Currently the implementation of Good Corporate Governance (GCG) in organizational commitment is the key to success in achieving effective, efficient and sustainable business performance. One implementation of GCG is a fraud management through a fraud detection.
In previous research, fraud detection performed on voice services with data sources Call Detail Record. Discussion of this research focuses on fraud in the data and Internet services that have not been done in previous studies. Fraud on data services and internet is done through the misuse of network configuration / IT by employees. The data used is based on the activity log of the administrator who is responsible for running the configuration. Fraud can not be solved with the usual query, so that the necessary process to form a pattern of data which is then processed through data mining. Research requires the development of data models that suit the needs of fraud detection.

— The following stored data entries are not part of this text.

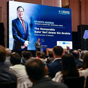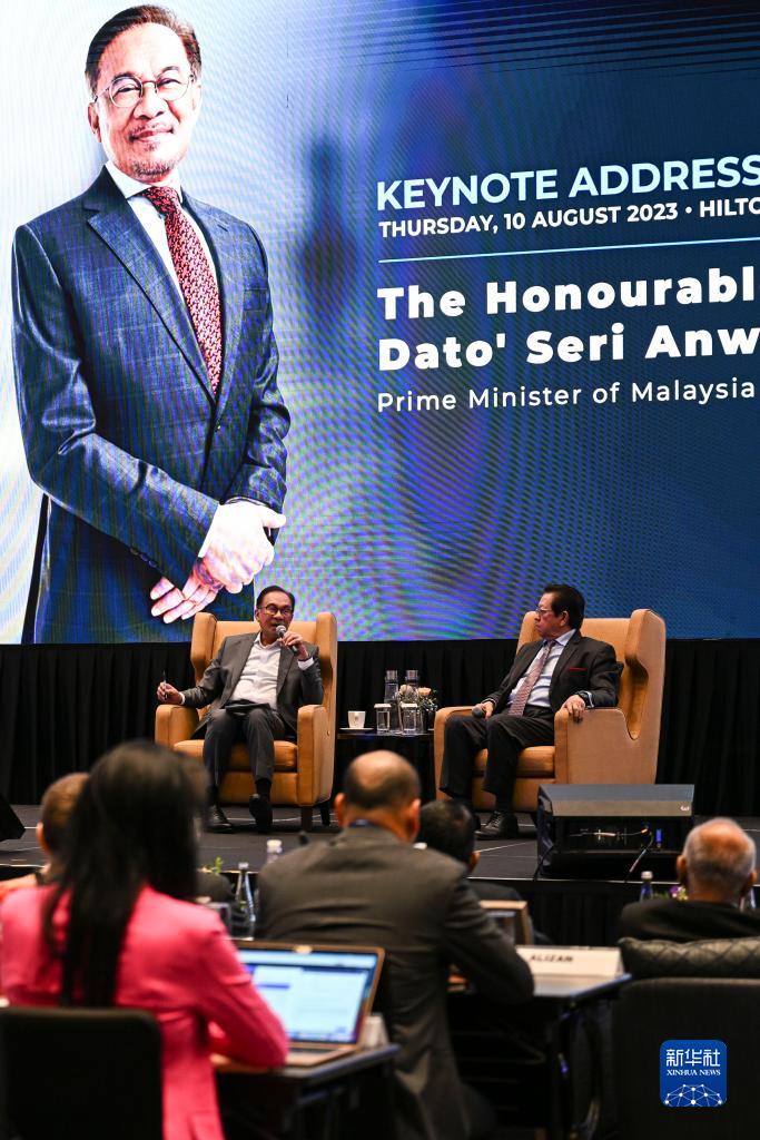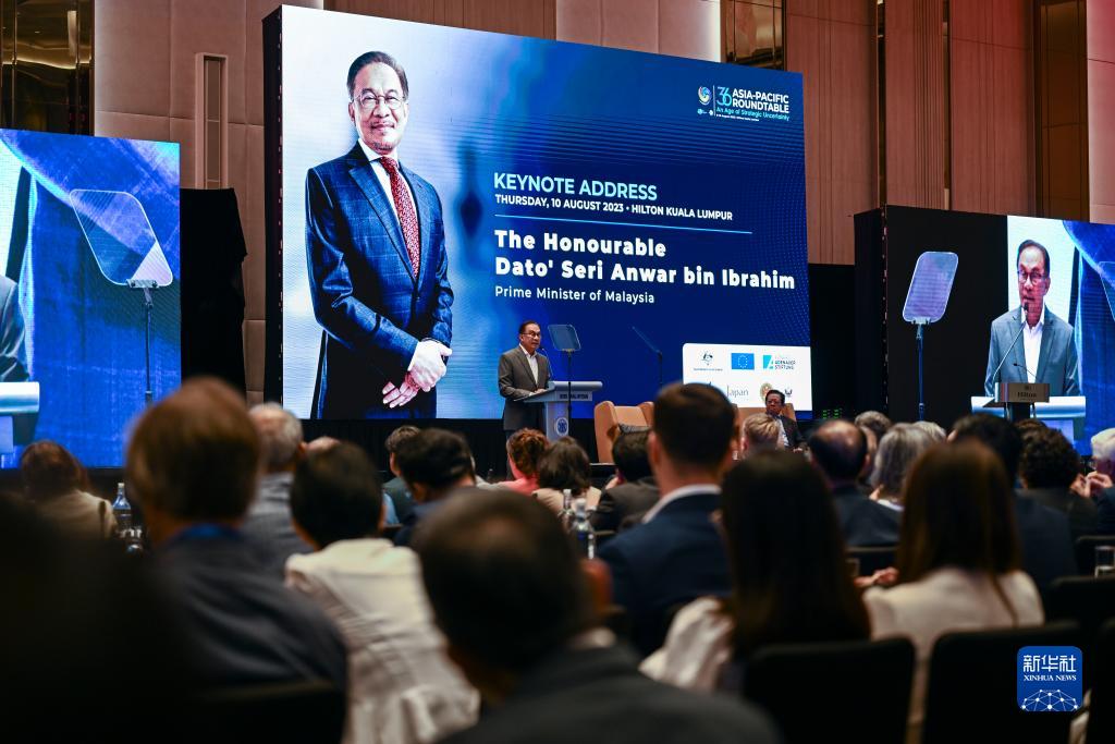 8月10日,马来西亚总理安瓦尔(中)在吉隆坡出席第36届亚太圆桌论坛。新华社记者 程一恒 摄
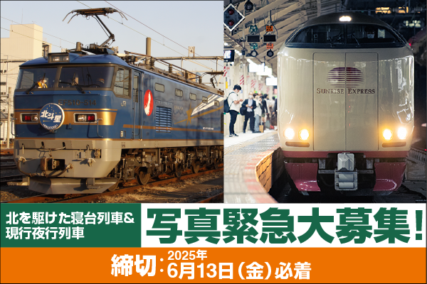 また、今でも乗ることができるクルーズトレインや夜行列車、そして最後の定期寝台特急となった「サンライズエクスプレス」などの写真もお待ちしております!
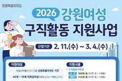 (케이시사타임즈) 속초시와 속초여성새로일하기센터가 속초시에 거주하는 40세 이상 59세 이하 미취업 여성을 대상으로 ‘2026년 강원여성 구직활동 지원사업’ 참여자를 모집한다. 강원여성 구직활동 지원사업은 취업을 준비하는 여성에게 구직활동에 필요한 비용을 지원해 경제활동 재진입을 돕는 사업이다. 신규 참여자에게는 최대 300만 원, 재참여자에게는 최대 150만 원의 구직활동지원금을 지원한다. 지원 기간 중 취·창업에 성공해 3개월 이상 근속하면 50만 원의 취·창업 성공금도 지급한다. 신청 기간은 2월 11일부터 3월 4일까지다. 지원 대상은 모집 시작일인 2월 11일 기준 속초시에 거주하는 40세 이상 59세 이하(1966년 2월 12일~1986년 2월 11일) 미취업 여성으로, 기준 중위소득 60% 초과 150% 이하 가구의 구성원이다. 신청은 강원일자리정보망을 통한 온라인 접수로 진행된다. 자세한 사항은 속초시 또는 속초여성새로일하기센터로 문의하면 안내받을 수 있다.
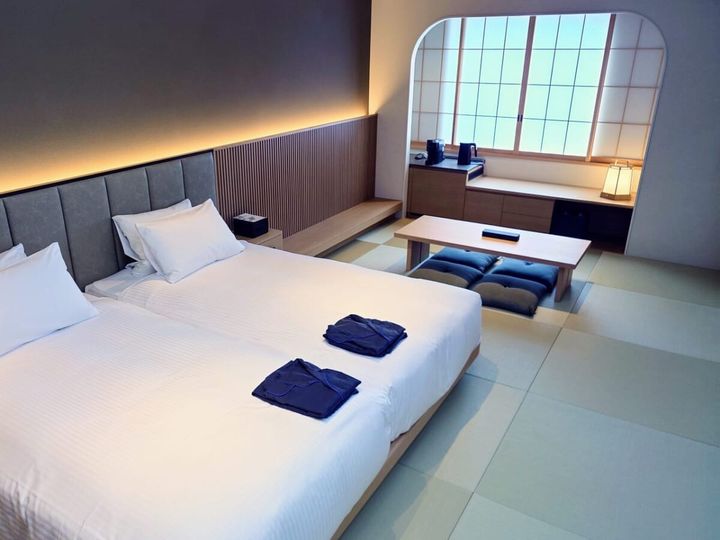 奈良文化や自然を思わせる和の要素をさりげなく取り入れたモダンな内装(写真は「スタンダードツイン」)。
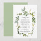 Carte d'invitation de mariage avec thème de verdure d'été moderne, parfaite pour votre réception de mariage intime ou fête de célébration après le mariage. Ajoutez vos détails avec une police / lettrage noir assorti.
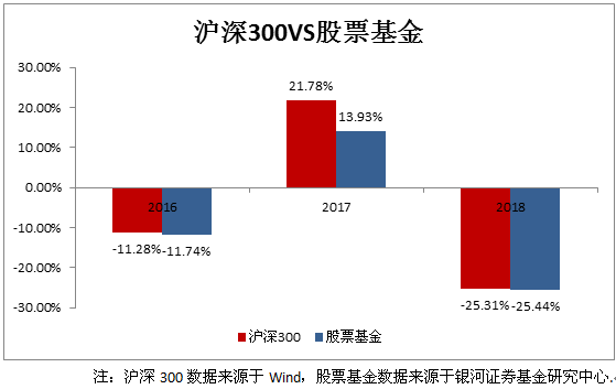 先来看看近3年沪深300指数与全市场股票型基金平均涨跌幅的对比:
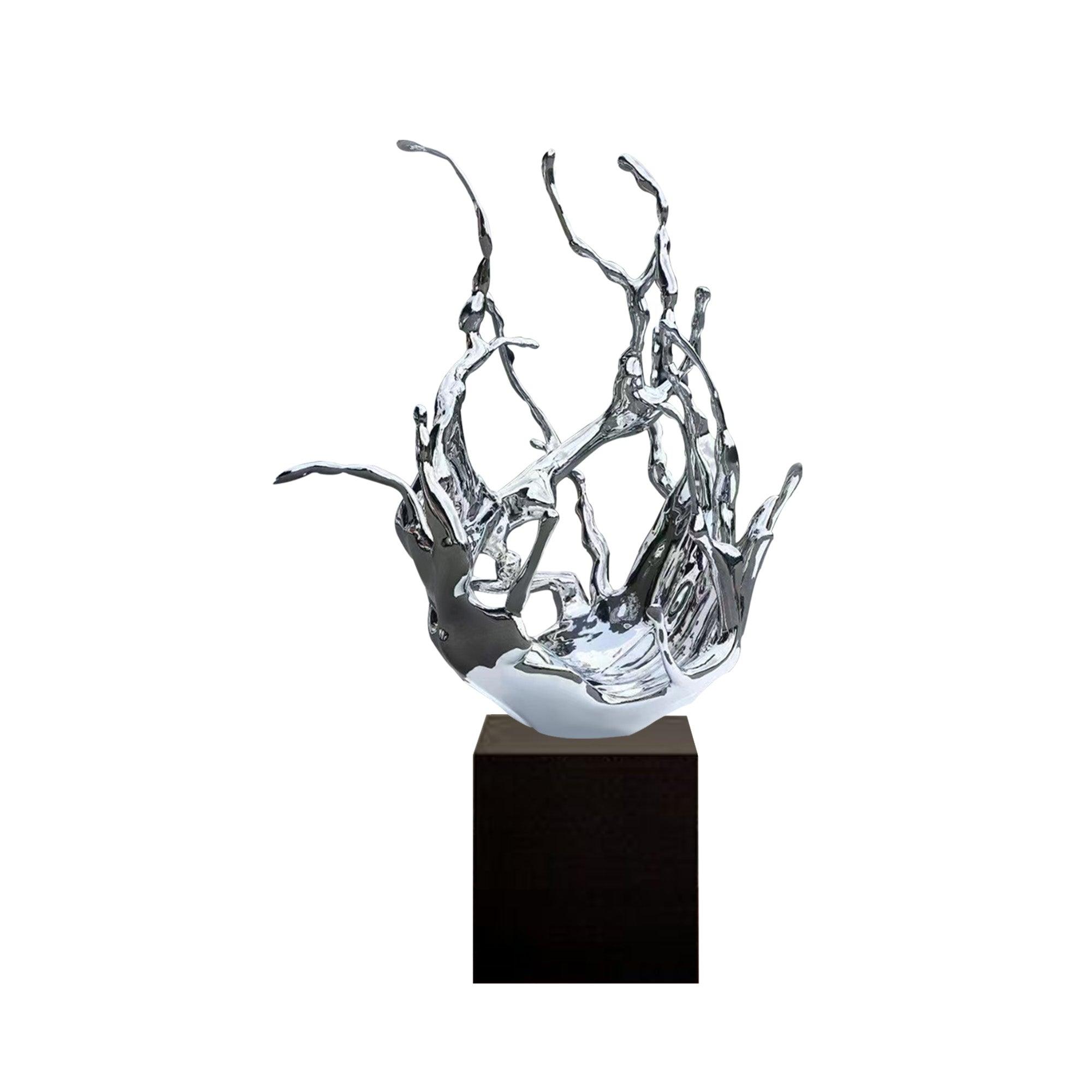 The 'Abstract Stainless Steel Splash Sculpture' is a stunning representation of movement and fluidity captured in time. Crafted from high-quality stainless steel and polished to a mirror finish, this modern sculpture evokes the dynamic beauty of a water splash frozen in mid-air. Its intricate and organic design, with fluid, branching forms, creates an eye-catching focal point in any space. Perfect for luxury interiors, office spaces, or art galleries, this abstract sculpture adds elegance, modernity, and a sense of flowing energy to the surrounding environment.
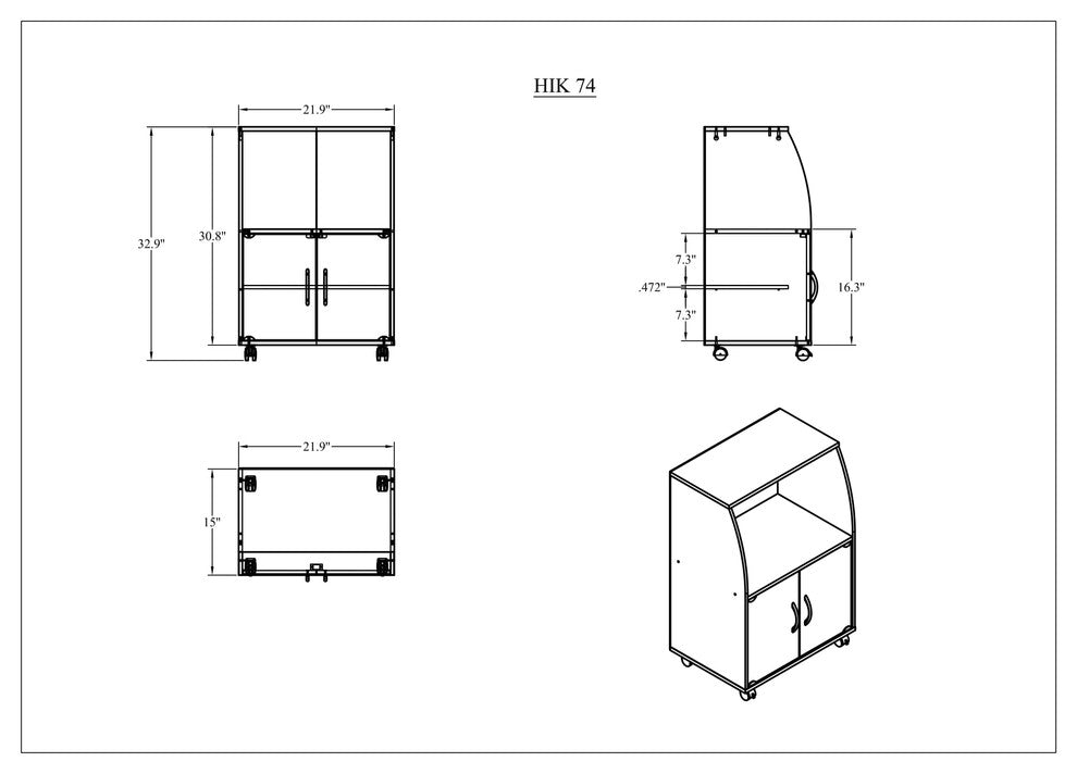 Contemporary and functional, this Hodedah Microwave Cart is the perfect solution for your kitchen storage needs. The large open storage space at the center houses your microwave. The top shelf can be used to store your toaster oven. It has an enclosed cabinet space which provides compact kitchen storage for small kitchen appliances, pots and pans. This microwave cart features wheels, which allows for easy mobility if necessary. It is made of wood, which ensures strength and durability. This microwave cart is available in multiple finishes and you can choose the one that blends with your existing interiors.Features : • Convenient and accessible way to store your microwave, toaster and other small appliances • Cabinet space to store small appliance, pots and pans and much more • Perfect for tight spaces, apartments and dorm rooms • Wheels for easy mobility • Great for home and office kitchen • Assembled dimensions: 33 in. H x 22 in. W x 15 in. D • Available in Beech, Cherry and WhiteSpecifications : • Product Dimensions : 33.00" H x 22.00" W x 15.00" D • Product Weight : 33.07 lbs

This study includes several data preparation stages: data collection, data selection, data integration, data cleansing, data transformation, identifying significant components, handling imbalance data, and classification process. Identification of significant components using Principal Component Analysis. The data used has imbalance proportions. Imbalance data are handled with Synthetic Minority Over-sampling Technique. The classification method used is the supervised classification which is Naive Bayes classifier that assumes that there are no dependencies between attributes. The process of Principal Component Analysis showed that the significant attributes, namely: indication, sid, access_device, username, services, and timestamp. Naïve Bayes classifier perform simulations with 48.361 data and get good results with an accuracy of more than 91%.